BlackBerry (BBRY) hasn’t had a lot of good news since the spring, when BBRY stock was trading above $16 a share at the end of April. Now, despite a BlackBerry buyout offer for $9 per share from Fairfax Capital and its iconic chief Prem Watsa, the BlackBerry stock price is stuck around $8 — a 50% loss in just a few months.
BBRY investors are crushed, consumers with BlackBerry smartphones are abandoning ship … but wait! Here are your fearless leaders at the crumbling Canadian tech company telling you that all is well and there’s no need to worry!
In an open letter to its customers and partners, BlackBerry took to social media and to 30 newspapers in nine countries to reassure everyone that it still has something to offer.
“You can continue to count on BlackBerry,” the letter from BBRY read. “These are no doubt challenging times for us and we don’t underestimate the situation or ignore the challenges. We are making the difficult changes necessary to strengthen BlackBerry.”
Seriously guys, you don’t have a better use of company capital than this ad blitz?
It’s not like that marketing budget alone can move the BlackBerry stock price, but come on.

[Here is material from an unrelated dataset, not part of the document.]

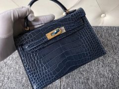 Hermes N7 Blue Tempete 风暴蓝 Kelly mini 2 Ⅱ 方框亮面美洲鳄鱼
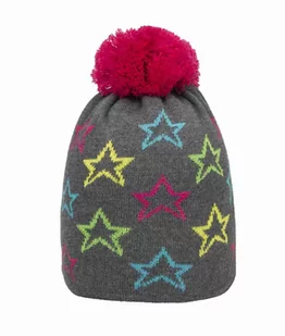 Czapka dziewczęca, szara, gwiazdki, pompon, Döll

This isn’t a story about how the iPhone from Apple (AAPL) or Android devices powered by Google (GOOG) are “better.” And this isn’t a story about whether BlackBerry has enough cash now to keep the lights on for another year or so.
This is really just a story of tone-deaf management, and delusion that BlackBerry will not just survive but thrive going forward.

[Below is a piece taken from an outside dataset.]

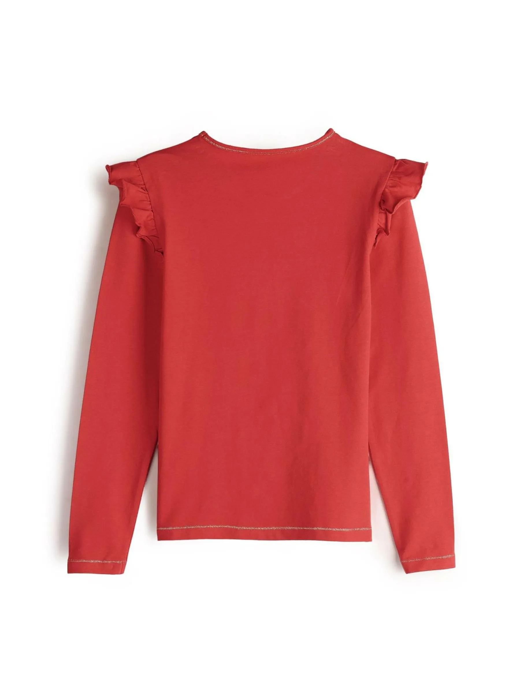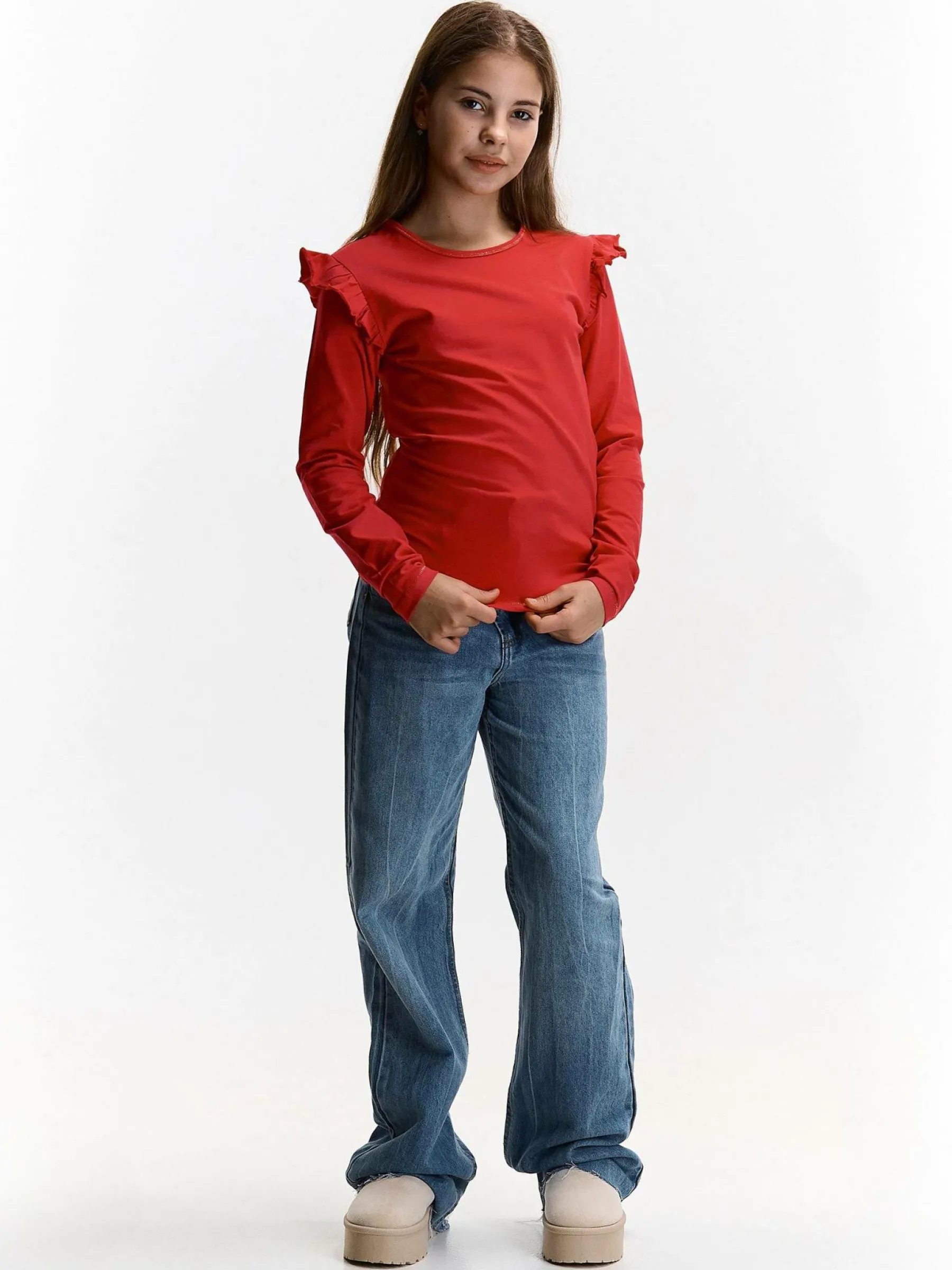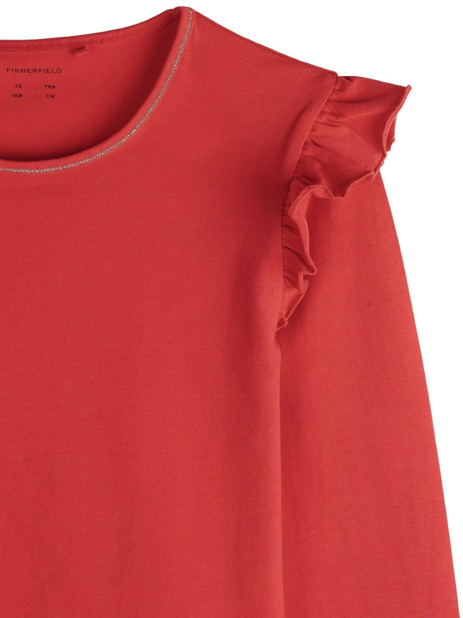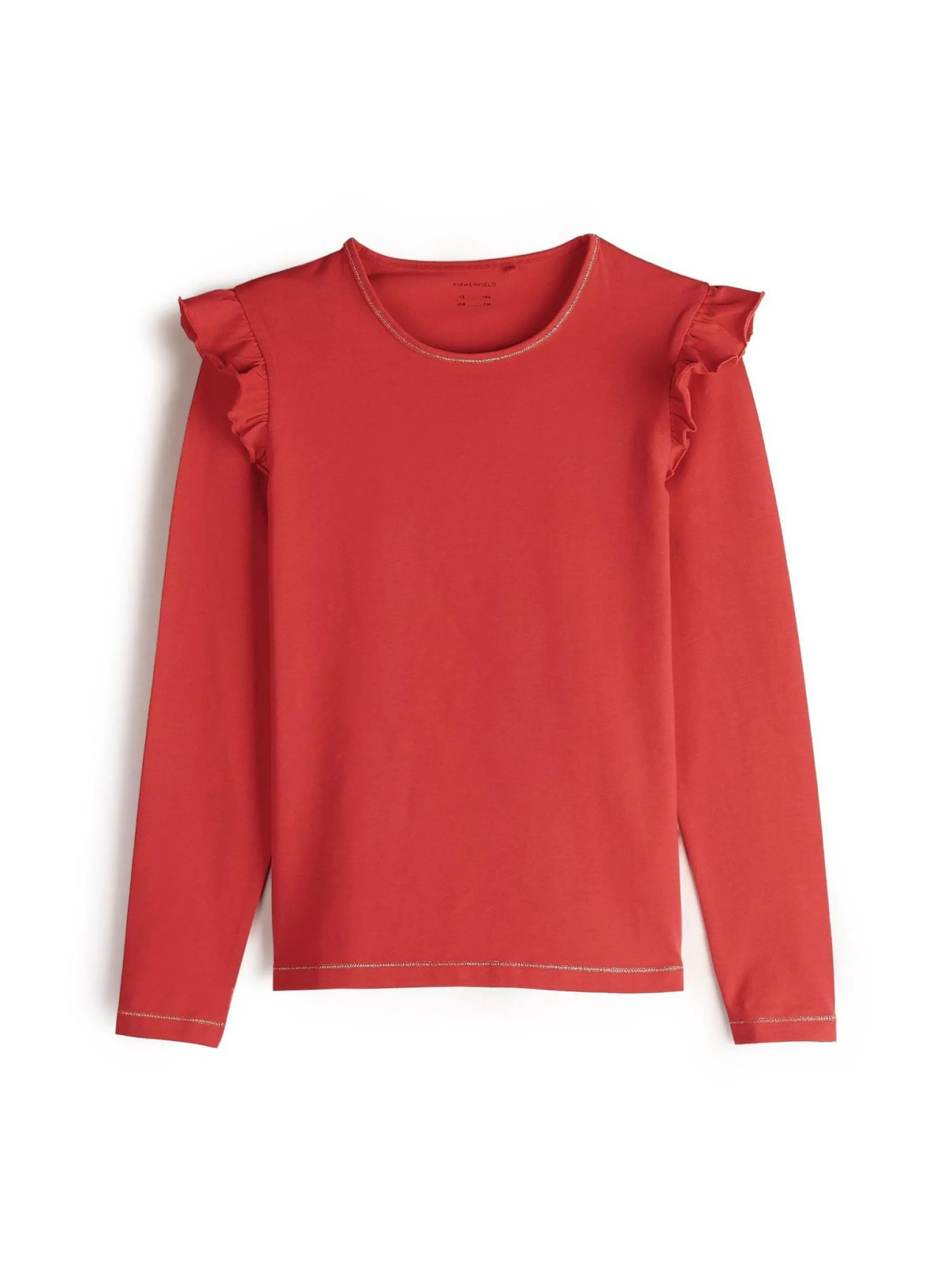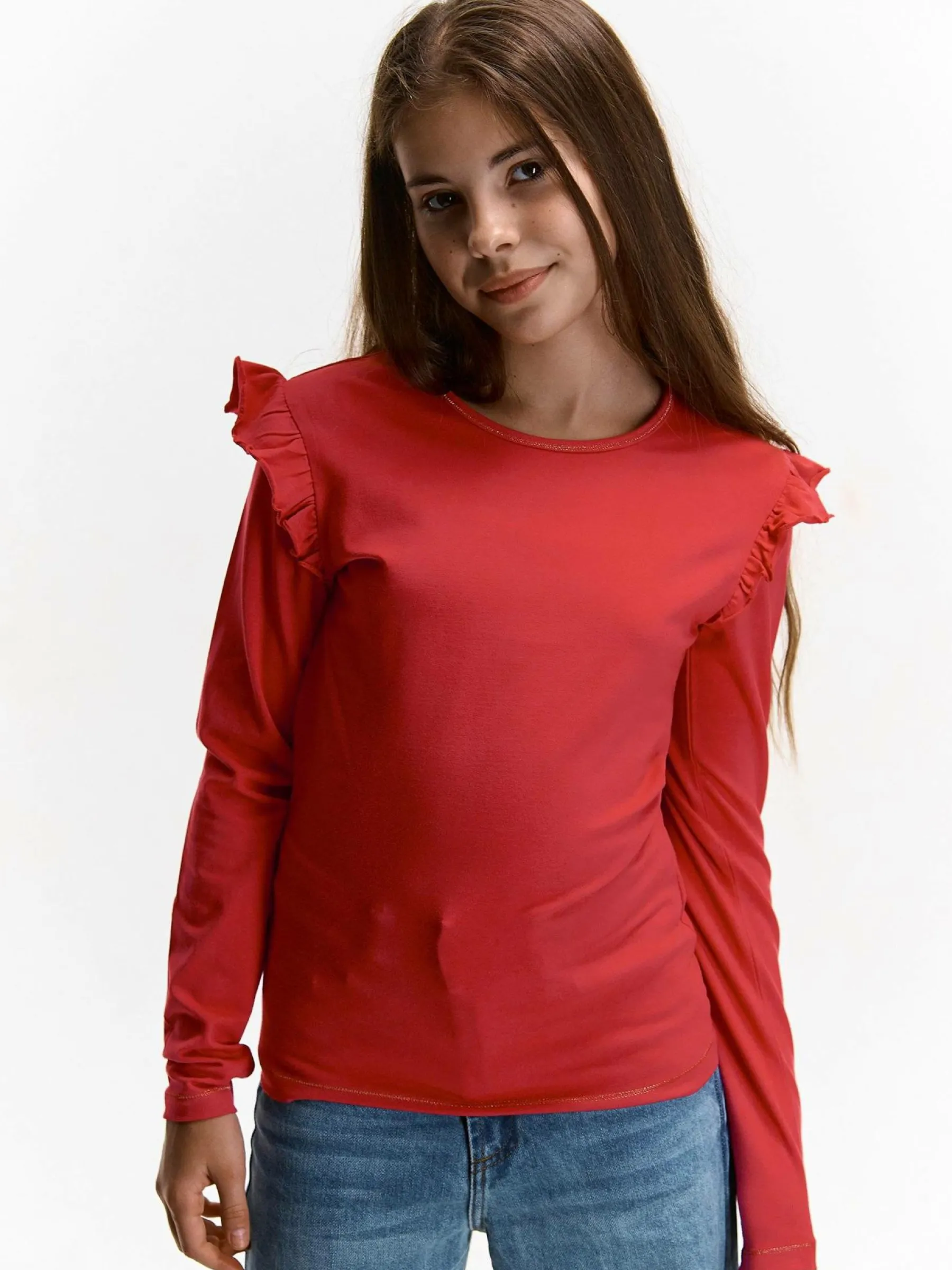 Kolor: czerwonyKrój: z falbanąTyp: koszulkaRekaw: długi rękawDługość: krótkiPattern style: pojedynczy kolorDetal…

Because that’s not going to happen.
BlackBerry Buyout Talk Needs to be Realistic
BlackBerry stock has been the subject of serious buyout talk for weeks ever since Fairfax offered up a $9 per share BlackBerry buyout proposal at the end of September. But ever since then, BBRY has struggled to get to that $9 mark — and has even traded for less than $8 a share.
That tells you everything you need to know. When a potential suitor offers a 12% premium on shares but investors still think the BlackBerry buyout won’t happen, the situation is nothing short of desperate for BBRY.
Heck, a Wall Street analyst just hung a $7 target on the stock.
So while it’s all well and good to pay attention to BlackBerry buyout prospects and consider an arbitrage bet based on BBRY shares and what a fair price would be, don’t get sucked into the pie-in-the-sky optimism or the willfully naive reassurances of management.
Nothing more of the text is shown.